### Given data
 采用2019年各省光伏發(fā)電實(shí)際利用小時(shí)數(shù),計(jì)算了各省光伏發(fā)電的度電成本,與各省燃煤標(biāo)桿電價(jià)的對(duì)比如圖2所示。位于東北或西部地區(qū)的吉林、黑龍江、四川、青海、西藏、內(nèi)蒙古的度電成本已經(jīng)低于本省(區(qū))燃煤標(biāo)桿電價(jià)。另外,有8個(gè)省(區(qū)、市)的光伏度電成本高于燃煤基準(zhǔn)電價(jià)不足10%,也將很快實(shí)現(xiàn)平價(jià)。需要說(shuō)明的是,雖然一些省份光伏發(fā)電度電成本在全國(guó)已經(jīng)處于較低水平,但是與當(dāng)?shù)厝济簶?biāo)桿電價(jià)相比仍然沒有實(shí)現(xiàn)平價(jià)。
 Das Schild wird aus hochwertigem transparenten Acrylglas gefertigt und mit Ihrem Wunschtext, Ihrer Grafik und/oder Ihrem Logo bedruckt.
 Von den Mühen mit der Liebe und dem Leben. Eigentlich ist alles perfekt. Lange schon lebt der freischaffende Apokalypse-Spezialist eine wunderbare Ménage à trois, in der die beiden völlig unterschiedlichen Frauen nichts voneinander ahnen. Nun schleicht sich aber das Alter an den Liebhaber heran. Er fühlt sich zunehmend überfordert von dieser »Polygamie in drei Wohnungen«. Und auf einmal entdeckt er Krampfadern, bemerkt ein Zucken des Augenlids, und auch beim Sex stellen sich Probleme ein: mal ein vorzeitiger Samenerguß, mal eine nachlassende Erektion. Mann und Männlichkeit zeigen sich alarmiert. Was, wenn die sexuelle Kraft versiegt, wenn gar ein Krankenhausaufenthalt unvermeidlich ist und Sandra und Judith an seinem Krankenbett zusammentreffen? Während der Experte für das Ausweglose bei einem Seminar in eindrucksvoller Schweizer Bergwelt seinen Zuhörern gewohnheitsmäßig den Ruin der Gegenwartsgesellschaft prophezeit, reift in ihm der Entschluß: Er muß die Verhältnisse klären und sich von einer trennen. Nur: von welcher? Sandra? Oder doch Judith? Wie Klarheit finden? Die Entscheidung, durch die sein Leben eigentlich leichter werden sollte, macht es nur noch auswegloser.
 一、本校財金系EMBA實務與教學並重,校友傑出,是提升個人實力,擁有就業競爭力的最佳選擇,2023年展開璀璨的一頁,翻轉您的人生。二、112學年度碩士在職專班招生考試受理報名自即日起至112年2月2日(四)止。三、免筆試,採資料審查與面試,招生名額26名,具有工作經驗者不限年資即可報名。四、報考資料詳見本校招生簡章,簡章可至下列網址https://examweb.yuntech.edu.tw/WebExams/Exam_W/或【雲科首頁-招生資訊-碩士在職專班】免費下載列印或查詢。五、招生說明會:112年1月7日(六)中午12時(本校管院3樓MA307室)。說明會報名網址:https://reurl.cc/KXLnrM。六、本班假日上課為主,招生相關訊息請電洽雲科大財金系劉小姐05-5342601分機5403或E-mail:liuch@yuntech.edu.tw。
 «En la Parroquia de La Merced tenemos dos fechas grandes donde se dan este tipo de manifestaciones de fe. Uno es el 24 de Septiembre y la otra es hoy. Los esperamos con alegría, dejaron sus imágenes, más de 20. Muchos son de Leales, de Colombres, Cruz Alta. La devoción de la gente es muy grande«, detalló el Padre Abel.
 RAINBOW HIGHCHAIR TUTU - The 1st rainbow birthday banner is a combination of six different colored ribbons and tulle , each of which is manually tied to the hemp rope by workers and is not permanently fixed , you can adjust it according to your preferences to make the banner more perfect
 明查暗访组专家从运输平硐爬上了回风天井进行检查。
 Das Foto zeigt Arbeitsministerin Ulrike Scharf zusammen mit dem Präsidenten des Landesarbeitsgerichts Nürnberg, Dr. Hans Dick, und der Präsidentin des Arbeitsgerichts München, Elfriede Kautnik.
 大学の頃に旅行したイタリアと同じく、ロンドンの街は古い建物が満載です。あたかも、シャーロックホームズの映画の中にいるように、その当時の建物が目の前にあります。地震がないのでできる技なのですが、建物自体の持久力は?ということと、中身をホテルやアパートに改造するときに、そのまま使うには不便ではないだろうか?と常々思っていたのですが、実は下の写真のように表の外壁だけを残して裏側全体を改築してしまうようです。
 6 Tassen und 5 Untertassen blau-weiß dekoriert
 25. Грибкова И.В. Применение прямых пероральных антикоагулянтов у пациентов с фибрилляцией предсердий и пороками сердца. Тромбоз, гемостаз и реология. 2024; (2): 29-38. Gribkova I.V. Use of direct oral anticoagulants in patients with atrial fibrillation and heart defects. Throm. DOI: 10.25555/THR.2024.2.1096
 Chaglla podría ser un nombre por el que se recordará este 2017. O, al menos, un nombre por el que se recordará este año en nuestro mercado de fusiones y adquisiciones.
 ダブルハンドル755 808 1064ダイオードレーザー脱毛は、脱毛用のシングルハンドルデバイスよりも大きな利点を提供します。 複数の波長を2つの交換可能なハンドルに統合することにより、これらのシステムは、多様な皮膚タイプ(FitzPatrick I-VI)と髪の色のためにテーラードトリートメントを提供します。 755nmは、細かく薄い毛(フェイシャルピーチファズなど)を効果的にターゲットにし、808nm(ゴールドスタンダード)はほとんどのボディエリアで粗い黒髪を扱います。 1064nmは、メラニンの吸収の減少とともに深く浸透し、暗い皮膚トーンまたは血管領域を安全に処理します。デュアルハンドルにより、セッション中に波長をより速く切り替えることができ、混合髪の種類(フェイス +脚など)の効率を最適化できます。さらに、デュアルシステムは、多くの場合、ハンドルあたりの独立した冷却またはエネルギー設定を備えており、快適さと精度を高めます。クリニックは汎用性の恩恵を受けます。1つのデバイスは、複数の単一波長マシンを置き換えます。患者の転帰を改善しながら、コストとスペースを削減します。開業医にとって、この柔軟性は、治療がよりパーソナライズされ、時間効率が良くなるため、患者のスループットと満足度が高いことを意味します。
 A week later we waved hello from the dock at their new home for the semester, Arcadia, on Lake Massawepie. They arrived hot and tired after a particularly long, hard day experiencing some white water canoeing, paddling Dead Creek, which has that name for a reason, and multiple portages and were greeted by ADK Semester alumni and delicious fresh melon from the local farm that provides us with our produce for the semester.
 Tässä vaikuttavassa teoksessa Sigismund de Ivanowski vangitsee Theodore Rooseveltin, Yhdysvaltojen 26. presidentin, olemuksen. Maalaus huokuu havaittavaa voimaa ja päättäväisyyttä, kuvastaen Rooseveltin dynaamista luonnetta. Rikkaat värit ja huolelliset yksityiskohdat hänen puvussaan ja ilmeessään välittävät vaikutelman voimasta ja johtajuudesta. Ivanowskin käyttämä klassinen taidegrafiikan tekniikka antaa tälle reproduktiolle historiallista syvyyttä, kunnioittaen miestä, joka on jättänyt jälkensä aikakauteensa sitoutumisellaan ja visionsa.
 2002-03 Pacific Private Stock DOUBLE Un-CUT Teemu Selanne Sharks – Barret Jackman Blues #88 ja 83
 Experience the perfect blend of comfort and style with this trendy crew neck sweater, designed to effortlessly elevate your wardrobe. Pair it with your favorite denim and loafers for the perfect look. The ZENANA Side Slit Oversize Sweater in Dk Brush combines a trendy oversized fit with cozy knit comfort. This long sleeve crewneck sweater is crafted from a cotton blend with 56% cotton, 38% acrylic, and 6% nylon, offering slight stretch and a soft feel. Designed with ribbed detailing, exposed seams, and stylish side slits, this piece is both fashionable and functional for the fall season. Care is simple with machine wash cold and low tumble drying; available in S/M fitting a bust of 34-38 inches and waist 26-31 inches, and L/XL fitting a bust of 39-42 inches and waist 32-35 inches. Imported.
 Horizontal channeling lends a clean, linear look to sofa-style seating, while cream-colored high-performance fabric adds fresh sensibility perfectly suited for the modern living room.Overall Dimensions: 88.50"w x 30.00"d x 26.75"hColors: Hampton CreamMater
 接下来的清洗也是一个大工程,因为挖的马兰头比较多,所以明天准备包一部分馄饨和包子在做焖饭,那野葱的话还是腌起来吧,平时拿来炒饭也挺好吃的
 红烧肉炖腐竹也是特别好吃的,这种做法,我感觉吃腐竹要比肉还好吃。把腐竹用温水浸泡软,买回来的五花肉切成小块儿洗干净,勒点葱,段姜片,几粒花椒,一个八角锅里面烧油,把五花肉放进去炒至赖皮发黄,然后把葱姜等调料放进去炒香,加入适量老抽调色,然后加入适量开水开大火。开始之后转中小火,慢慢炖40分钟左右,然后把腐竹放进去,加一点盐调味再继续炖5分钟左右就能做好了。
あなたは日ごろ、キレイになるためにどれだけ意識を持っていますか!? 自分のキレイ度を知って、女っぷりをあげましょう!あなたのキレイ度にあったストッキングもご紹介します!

### Instructions for the task
The response should be the listing above, limited to the lines between the one holding "Das Schild wird" and the one holding "Von den Mühen", inclusive, reproduced exactly.

### Solution to this problem
 Das Schild wird aus hochwertigem transparenten Acrylglas gefertigt und mit Ihrem Wunschtext, Ihrer Grafik und/oder Ihrem Logo bedruckt.
 Von den Mühen mit der Liebe und dem Leben. Eigentlich ist alles perfekt. Lange schon lebt der freischaffende Apokalypse-Spezialist eine wunderbare Ménage à trois, in der die beiden völlig unterschiedlichen Frauen nichts voneinander ahnen. Nun schleicht sich aber das Alter an den Liebhaber heran. Er fühlt sich zunehmend überfordert von dieser »Polygamie in drei Wohnungen«. Und auf einmal entdeckt er Krampfadern, bemerkt ein Zucken des Augenlids, und auch beim Sex stellen sich Probleme ein: mal ein vorzeitiger Samenerguß, mal eine nachlassende Erektion. Mann und Männlichkeit zeigen sich alarmiert. Was, wenn die sexuelle Kraft versiegt, wenn gar ein Krankenhausaufenthalt unvermeidlich ist und Sandra und Judith an seinem Krankenbett zusammentreffen? Während der Experte für das Ausweglose bei einem Seminar in eindrucksvoller Schweizer Bergwelt seinen Zuhörern gewohnheitsmäßig den Ruin der Gegenwartsgesellschaft prophezeit, reift in ihm der Entschluß: Er muß die Verhältnisse klären und sich von einer trennen. Nur: von welcher? Sandra? Oder doch Judith? Wie Klarheit finden? Die Entscheidung, durch die sein Leben eigentlich leichter werden sollte, macht es nur noch auswegloser.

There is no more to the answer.